Послушная, приказывающей тяжести руки, лежавшей на её плече, Анна склонилась над его лицом, приложила руку к виску. И тут же отпрянула. Это не было прикосновение к неживой материи, как например, к камню или куску железа. Она притронулась к умершему существу, ещё только начинавшей источать слабый запах тления плоти.
Дорога из «мертвецкой» на кладбище была короткой, и не проходила по территории интерната (или как его называли «дома престарелых»), где последние полтора года прожил отец.
Двое поселковых парней, нанятых женщиной, распоряжавшейся похоронами, быстро и ловко опустили на полотенцах гроб в могилу, и так же быстро забросали её землёй, сделали небольшой холм. На него положили венок с надписью, золотом на чёрной ленте: «Дорогому папе от дочери». Анна дала им деньги и водку, и они ушли. Выжидательно глядевшей на неё женщине, она, краснея и стесняясь, с извинениями и благодарностью за хлопоты, дала две крупных банкноты. Разгладив, женщина положила их в кошелёчек и повторила: «Что ж, все мы там будем, - перекрестилась, - Царство ему Небесное, и пусть земля ему будет пухом».
Она ушла, а Анна осталась стоять у могилы. Кладбище представало множеством запущенных, поросших травой и полевыми цветами могил, переживших своё , отживших ещё при жизни, стариков, жалких, брошенных, никому не нужных. Вдали белели домики их последнего на земле пристанища - общего дома, пропитанного запахами бездомной старости, бедности и болезней; со стаями мух в комнатах, от которых не спасали ни клейкие «мухоморы», ни мухобойки, ни отрава, чувствительные мухи летели туда, где ежеминутно и ежечасно происходили гниение и распад.
Раз в месяц входила Анна в ворота этого бывшего женского монастыря, кормила своего полусумасшедшего отца, меняла постельное бельё, купала его... Всё это она проделывала поспешно, её одурманивала вонь от тел и испражнений, доводило до неистовства непонимание отца в отношении самых элементарных вещей.
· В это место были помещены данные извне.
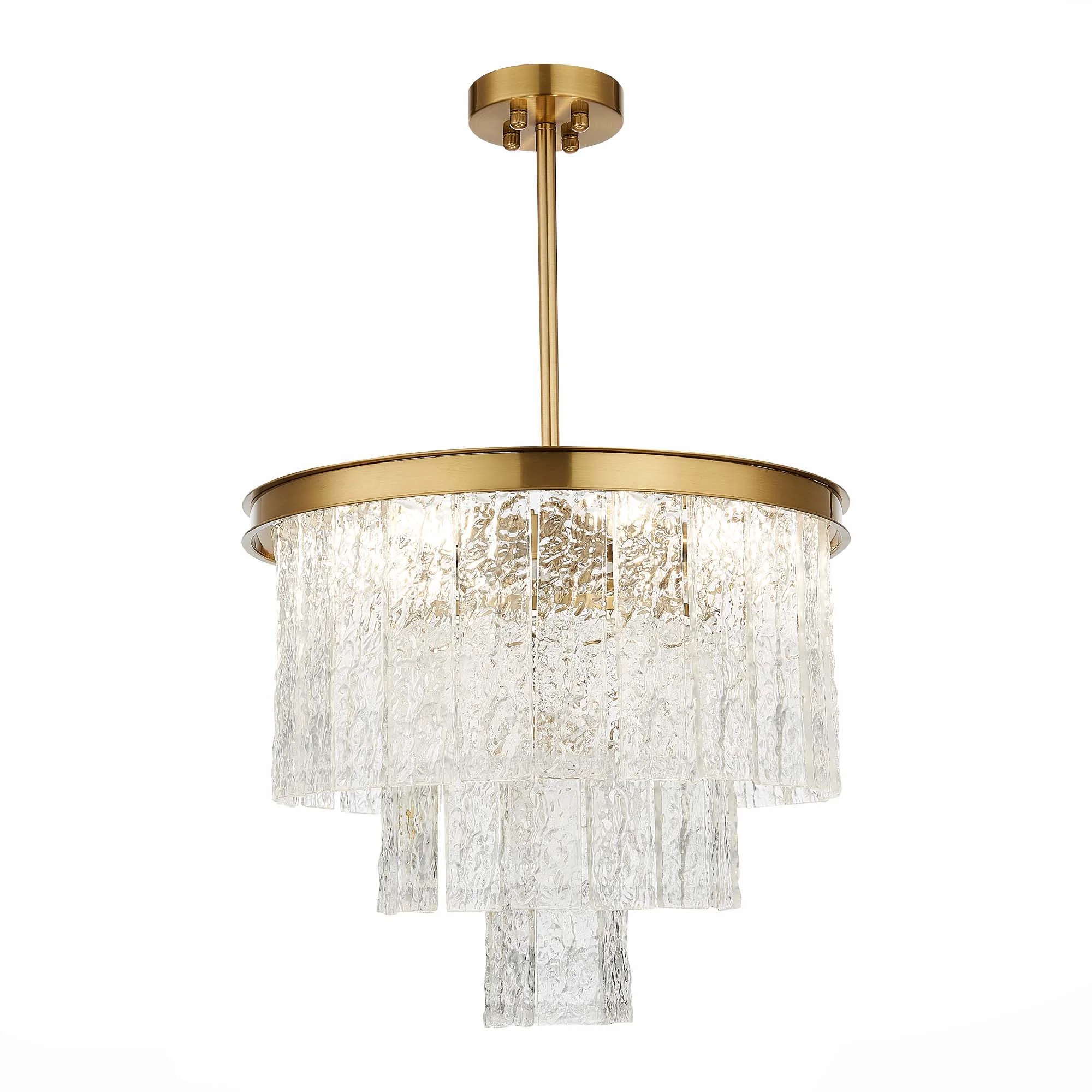 Цилиндрические плафоны из прозрачного стекла с легким рельефом и вытянутые вниз декоративные элементы рожков напоминают по форме факел и придают дизайну коллекции Acazio строгость и благородство классики. Отсутствие лишних деталей и прямые линии делают образ современным и подходящим для различных интерьеров. Высота люстр регулируется длиной цепи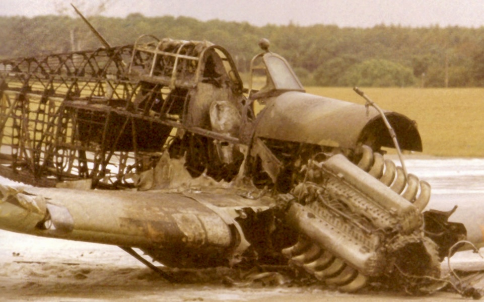 On 11th September 1991 Hurricane LF363 was enroute to Jersey when its engine suffered a camshaft failure. The pilot attempted to force land the aircraft but unfortunately the engine failed completely and the Hurricane stalled and crashed onto an airfield with the undercarriage still retracted. It was soon engulfed in flames. The pilot was able to scramble out and was fortunate to escape with a broken ankle and minor burns.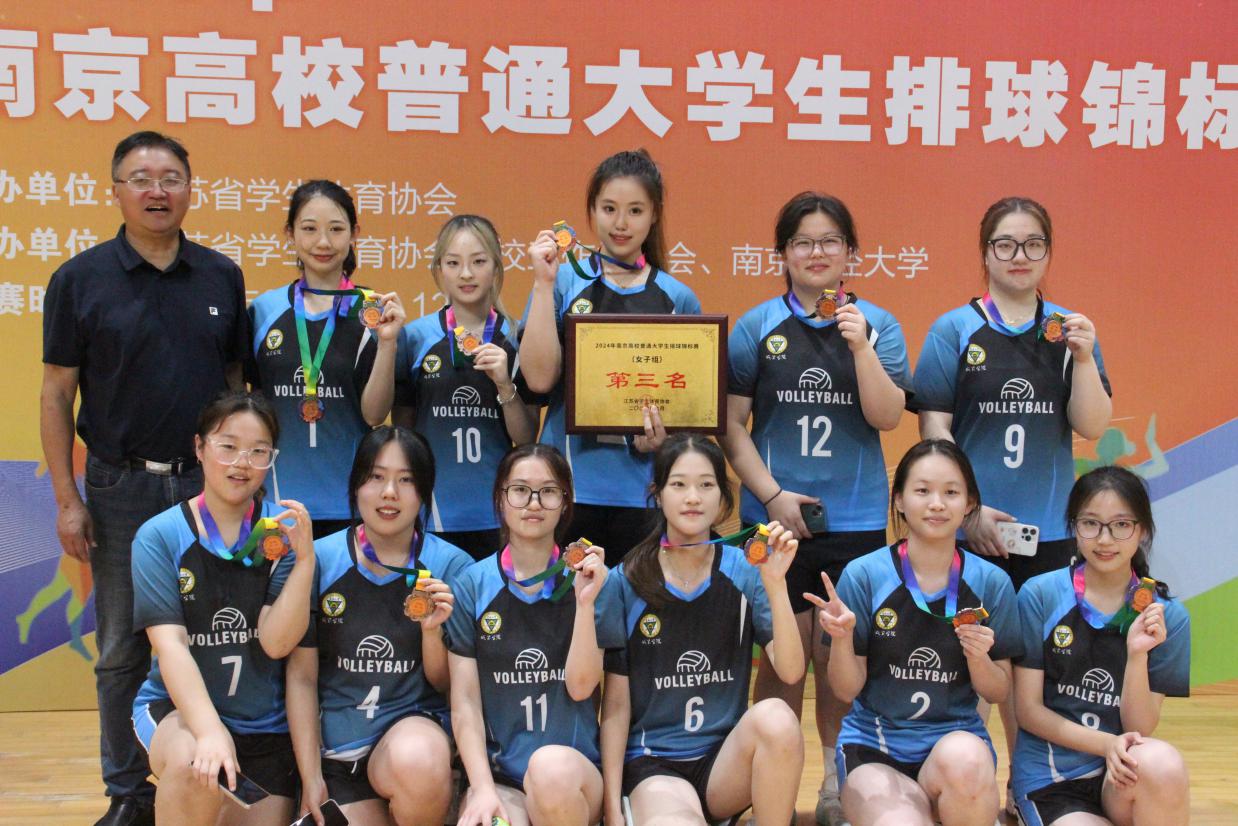 6月1日—12日,2024年南京高校普通大学生排球锦标赛在南京财经大学成功举办,我校派出男、女排球队共二十四名同学参加。来自南京的20多所高校四十多支队伍同台竞技,经过激烈角逐,我校女子排球队荣获第三名,实现我校在该项赛事中的新突破。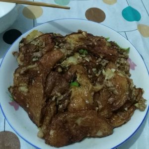 待肉末成熟后放入先前炸好的茄子,翻炒片刻加入盐调味即可!

Всё было ужасно – и грязь, и мухи, и бродящие по аллеям, верно, не схожие даже и с собственной тенью, существа.
В последний раз она обернулась, чтоб взглянуть на домики, к которым не возвратится она никогда.
В автобусе, мчавшемся сквозь сумерки, из посёлка к городу, она почувствовала усталость после длинного, казавшегося в иные минуты растянутым в вечности, дня. Утомлёнными были ноги в запылившихся босоножках, руки, перепачканные землёй, с подола платья она смахнула прилипшую травинку. Откинувшись в кресле, Анна прикрыла веки и ощутила, как скапливается под ними горячая жидкость. Почувствовала, как одна слезинка, прошмыгнув, катится по потной щеке, как, настигая её, другие солонят рот, скатываясь, виснут на подбородке, срываются и бегут дальше по шее, под воротник. «Хорошо ещё, что темно», - сказала она себе, вытирая ладонями лицо и боясь всхлипнуть, как хотелось, громко и со стоном. Так, беззвучно плакала она долго, предаваясь неслышимым горестным воплям и причитаниям о себе, об отце, о своей жизни. Она вспоминала и о том, что две недели после того, как побывала она у врача, искала того, кто помог бы ей избавиться от ребёнка. И о том, что, наконец-то договорившись с районной акушеркой, заняв денег, должна была быть сегодня у неё. Но день прошёл, деньги все истрачены на похороны. Теперь уж наверняка эта акушерка не согласится, и придётся искать снова и вновь брать деньги в долг.
Дома лежала телеграмма, полученная вчера от далёкой родственницы отца, её Анна и не знала, с соболезнованием.
На столе исходила парком жареная картошка, на блюде селёдка с колечками лука сверху в подсолнечном масле и уксусе, горкой на тарелке мясной паштет, стояла чекушка водки и две рюмки, собиралась прийти соседка - вдова.
Через полчаса ожидания Анна, выйдя на площадку, постучалась в соседскую дверь, никого не оказалось дома.
- Что ж, - Анна подняла рюмку, - за упокой души, папа! – она выпила не закусывая, налила ещё.
- А за что теперь? – спросила она у себя, - за своё здоровье, что ли? – усмехнулась одной половинкой рта. - Будь здорова!
Она подцепила вилкой огурец из салата, но он не удержался и упал на светлую юбку.
- Вот так всегда, - зло прокомментировала она, - по «закону бутербродности», маслом вниз.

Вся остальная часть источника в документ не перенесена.